One of the other interesting things in that paper is their argument for a hierarchical framework for model calibration / validation. A long time ago, in a previous life, I made a similar argument [2]. Looking back on that article is a little embarrassing. I wrote that before I had read Jaynes (or much else of the Bayesian analysis and design of experiments literature), so it seems very technically naive to me now. The basic heuristics for product development discussed in it are sound though. They’re based mostly on GAO reports [3, 4, 5, 6], a report by NAS [7], lessons learned from Live Fire Test and Evaluation [8] and personal experience in flight test. Now I understand better why some of those heuristics have sound theoretical underpinnings.

There are really two hierarchies though. There is the physical hierarchy of system, sub-system and component that Youn et al. emphasize, but there is also a modeling hierarchy. This modeling hierarchy is delineated by the level of aggregation, or the amount of reductive-ness, in the model. All models are reductive (that’s the whole point of modeling: massage the inordinately complex and ill-posed into tractability), some are just more reductive than others.

Figure 3:

Modeling Hierarchy (from [2])

Figure 3 illustrates why I care about Bayesian inference. It’s really the only way to coherently combine information from the bottom of the pyramid (computational physics simulations), with information higher up the pyramid which rely on component and subsystem testing.

A few things I don’t like about the approach in [1]
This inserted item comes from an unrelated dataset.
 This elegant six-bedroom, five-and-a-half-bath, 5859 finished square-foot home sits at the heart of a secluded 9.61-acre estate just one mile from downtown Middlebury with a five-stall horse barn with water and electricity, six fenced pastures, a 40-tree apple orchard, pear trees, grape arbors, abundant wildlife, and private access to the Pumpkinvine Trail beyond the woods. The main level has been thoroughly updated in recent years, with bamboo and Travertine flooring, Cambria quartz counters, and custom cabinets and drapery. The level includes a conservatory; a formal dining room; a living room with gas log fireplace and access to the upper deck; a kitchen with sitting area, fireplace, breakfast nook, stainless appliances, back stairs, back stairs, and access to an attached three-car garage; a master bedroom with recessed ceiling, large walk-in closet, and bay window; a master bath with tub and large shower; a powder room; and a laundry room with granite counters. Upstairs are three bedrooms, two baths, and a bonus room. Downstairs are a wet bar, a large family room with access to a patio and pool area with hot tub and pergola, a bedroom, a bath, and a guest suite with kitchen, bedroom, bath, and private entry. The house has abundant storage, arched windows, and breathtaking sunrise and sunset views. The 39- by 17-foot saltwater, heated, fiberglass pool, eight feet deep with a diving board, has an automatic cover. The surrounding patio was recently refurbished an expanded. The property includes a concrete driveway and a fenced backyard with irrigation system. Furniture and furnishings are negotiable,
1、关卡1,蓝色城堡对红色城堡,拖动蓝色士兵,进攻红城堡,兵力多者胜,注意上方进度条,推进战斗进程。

The partitioning of parameters into “known” and “unknown” based on what level of the hierarchy (component, subsystem, system) you are at in the “bottom-up” calibration process. Our (properly formulated) models should tell us how much information different types of test data give us about the different parameters. Parameters should always be described by a distribution rather than discrete switches like known or unknown.
The approach is based entirely on the likelihood (but they do mention something that sounds like expert priors in passing).
They claim that the proposed calibration method enhances “predictive capability” (section 3), however this is misleading abuse of terminology. Certainly the in-sample performance is improved by calibration, but the whole point of making a distinction between calibration and validation is based on recognizing that this says little about the out-of-sample performance (in fairness, they do equivocate a bit on this point, “The authors acknowledge that it is difficult to assure the predictive capability of an improved model without the assumption that the randomness in the true response primarily comes from the the randomness in random model variables.”).

Otherwise, I find this a valuable paper that strikes a pragmatic chord, and that’s why I wanted to share my thoughts on it.
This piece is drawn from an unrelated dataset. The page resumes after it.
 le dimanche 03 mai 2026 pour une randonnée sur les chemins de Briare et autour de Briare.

[Update: This thesis that I linked at Climate Etc. has a flow-chart too.

]

References

[1] Youn, B. D., Jung, B. C., Xi, Z., Kim, S. B., and Lee, W., “A hierarchical framework for statistical model calibration in engineering product development,” Computer Methods in Applied Mechanics and Engineering, Vol. 200, No. 13-16, 2011, pp. 1421 – 1431.

[2] Stults, J. A., “Best Practices for Developmental Testing of Modern, Complex Munitions,” ITEA Journal, Vol. 29, No. 1, March 2008, pp. 67–74.
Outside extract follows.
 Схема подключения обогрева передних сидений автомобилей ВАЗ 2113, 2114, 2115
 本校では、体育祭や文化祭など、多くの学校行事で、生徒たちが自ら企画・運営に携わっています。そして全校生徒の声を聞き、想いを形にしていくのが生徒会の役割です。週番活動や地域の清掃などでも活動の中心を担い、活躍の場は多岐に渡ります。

[3] “Defense Acquisitions: Assesment of Major Weapon Programs,” Tech. Rep. GAO-03-476, U.S. General Accounting Office, May 2003.

[4] “Best Practices: Better Support of Weapon System Program Managers Needed to Improve Outcomes,” Tech. Rep. GAO-06-110, U.S. General Accounting Office, 2006.

[5] “Precision-Guided Munitions: Acquisition Plans for the Joint Air-to-Surface Standoff Missile,” Tech. Rep. GAO/NSIAD-96-144, U.S. General Accounting Office, 1996.

[6] “Best Practices: A More Constructive Test Approach is Key to Better Weapon System Outcomes,” Tech. Rep. GAO/NSIAD-00-199, U.S. General Accounting Office, July 2000.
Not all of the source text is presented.